Pan y Rosas, por el contrario, es un libro que pretende trazar alguna relación entre la pertenencia de género y el antagonismo de clases. Por lo tanto, es un libro que pretende retomar debates ya muy transitados entre feminismo y marxismo, una vez más. ¿Cuáles son los nudos de esta controversia que lleva más de 30 años?

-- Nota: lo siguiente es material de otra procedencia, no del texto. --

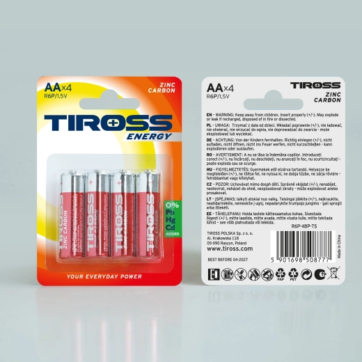 Baterii AA 1,5 V zinc-carbon fiabile pentru utilizare zilnică în dispozitive mai puțin solicitante. Pachetul de 4 bucăți asigură energie suficientă pentru telecomenzi, ceasuri deșteptătoare sau jucării, la un preț excelent.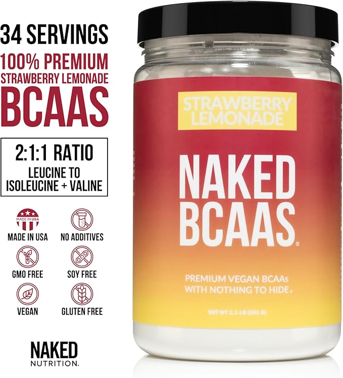 NAKED Strawberry Lemonade BCAAs Amino Acids Powder, 100% Pure 2:1:1 Formula, Vegan Branched Chain Amino Acids, Instantized All Natural BCAA Powder Supplement - 501 Grams, 34 Servings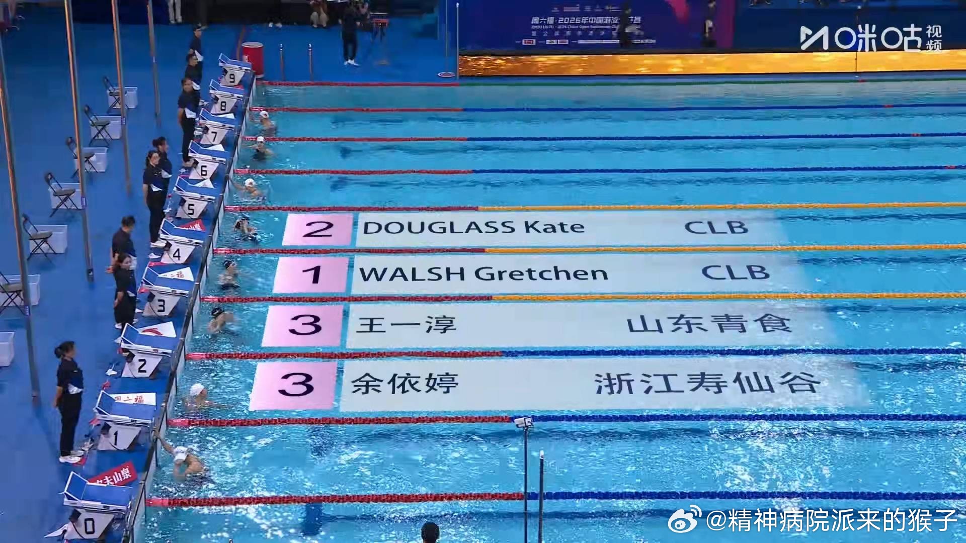 2026年中国游泳公开赛 女子50米蝶泳决赛:G沃尔什25.12获得冠军🥇道格拉斯25.34获得亚军🥈余依婷与王一淳25.94并列获得季军🥉张雨霏25.95获得第四名
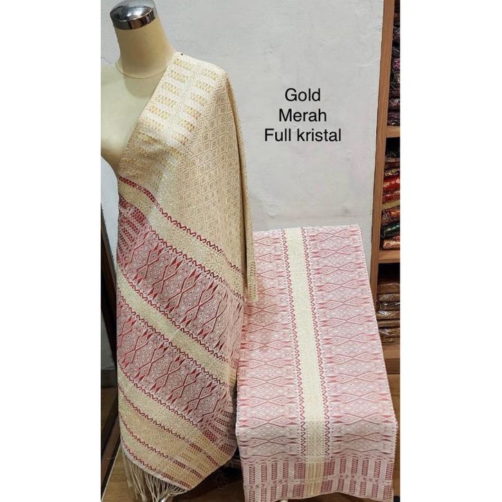 Songket Medan Tumtuman Tarutung Tanpa Sambungan Warna Merah Full Benang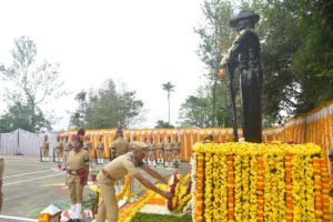 Dignitaries and guests paid their respects by offering floral tributes at the Police Martyrs’ Memorial. Parade Commander R.P. Ganesh led the observance and received permission from the chief guest to begin the proceedings.

Vayamos entonces a esa discusión.


Hay diversos feminismos y diversas feministas. Las formas de concebir el origen de la opresión son diferentes; son diversas también las formas de concebir el combate contra esta opresión. Diversas las tácticas, las políticas, las organizaciones, las estrategias. Pero hay algo que es bastante homogéneo, algo que es común a las diversas corrientes feministas y es el supuesto de que el marxismo sí es homogéneo. A lo que se agrega que “ese único marxismo” es rechazado en bloque. Y más aún: eso que se rechaza y que se considera, por parte de las feministas, “el marxismo”, es nada más y nada menos que su tergiversación más trágica: el stalinismo.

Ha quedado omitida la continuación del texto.